Мораторий на банкротства продлен, но проблемы предпринимателей никуда не делись. Многие компании имеют «кредитные обременения», а объекты недвижимости являются предметами залогов по кредитам. После снятия моратория на банкротства, эксперты прогнозируют рост числа дефолтов, перераспределений и захватов активов. Какие отрасли в зоне риска и как меняется судебная практика — в рамках круглого стола РБК Петербург «Мораторий на банкротства и спорные активы — сценарии развития событий» обсудили юристы, представители банковского сообщества и эксперты.
Под угрозой
Вопрос банкротства особенно остро встанет после окончания действия моратория на банкротство юрлиц, который был продлен до 7 января 2021 года. Он действует в отношении организаций и ИП, «наиболее пострадавших» в условиях коронавируса, а также «стратегических» и «системообразующих» организаций. После окончания послаблений на рынке начнут происходить серьезные изменения.
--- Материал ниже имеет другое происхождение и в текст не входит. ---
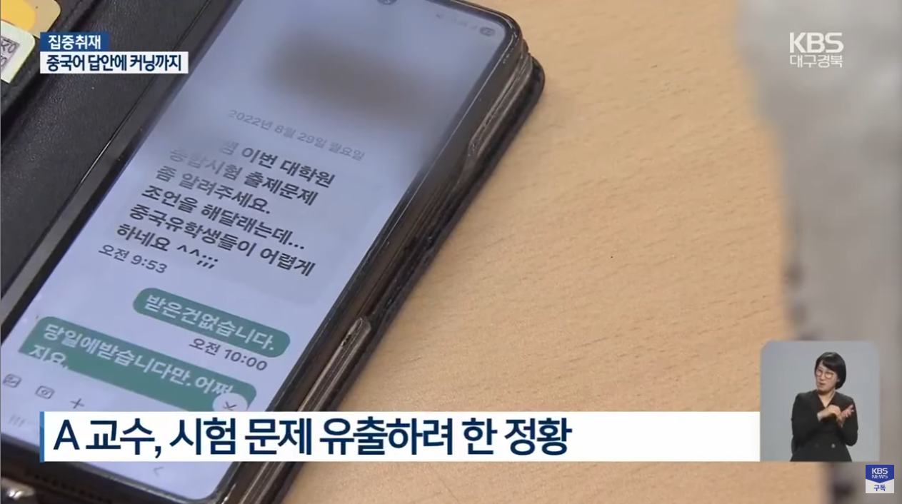 심지어 A 교수는 리우 씨를 위해 시험 문제를 유출하려 한 정황도 나왔는데, 2023년 리우 씨가 종합시험을 치기 위해 한국에 오기 전 문제를 미리 알려주란 문자를 조교에게 보낸 겁니다.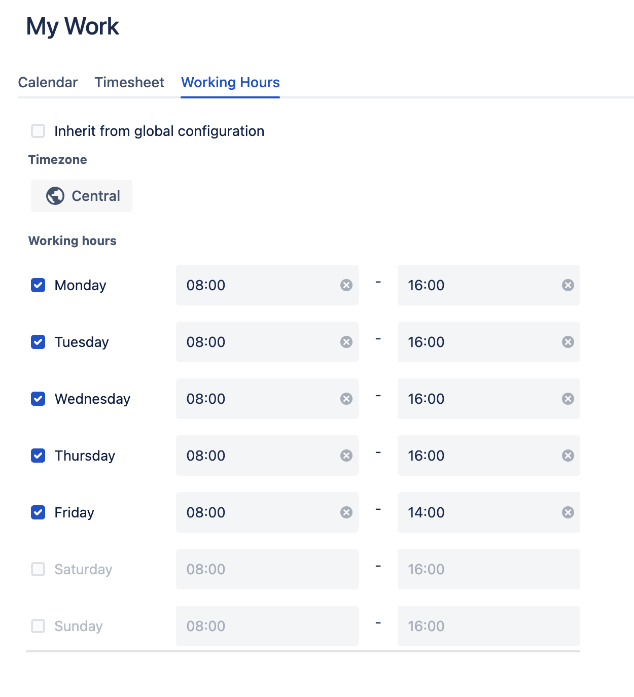 While Working Hours shows a specific start and end time, Clockwork recognizes that different users have different schedules. (A user can configure their own Working Hours, by going to Apps > Clockwork in the main Jira menu and selecting Working Hours tab on My Work). Clockwork will assume the user’s normal start time based log entries and use the number of hours allowable in a work day (from the Working Hours) to detect overnight and over-the-weekend time. The overnight and over-the-weekend time will be subtracted from the total time logged to calculate the Time Spent. The total reported time will be split among days worked with one Jira worklog entry for each day.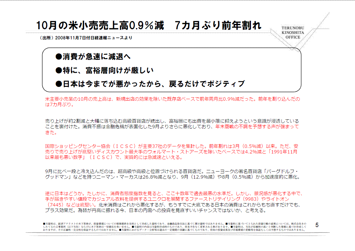 北米消費はこれから悪化するが、もうすでに大底である日本の消費は

По словам председателя судебного состава арбитражного суда Санкт-Петербурга и Ленинградской области Ильи Шевченко, с каждым годом дел о банкротстве становится больше. Это касается дел как в отношении физических лиц, так и юридических. Тем не менее, в текущем году, согласно судебной статистике, количество дел о банкротстве юрлиц сократилось, в том числе благодаря введению моратория. «Если в 2019-ом году их число составляло 4 тыс., то за 11 месяцев этого года — 2,5 тыс. С этой точки зрения, количество банкротств отстает. После отмены моратория, сложно спрогнозировать, как изменится ситуация, но скорее всего, число банкротств вырастет на те же 2 тыс. или больше».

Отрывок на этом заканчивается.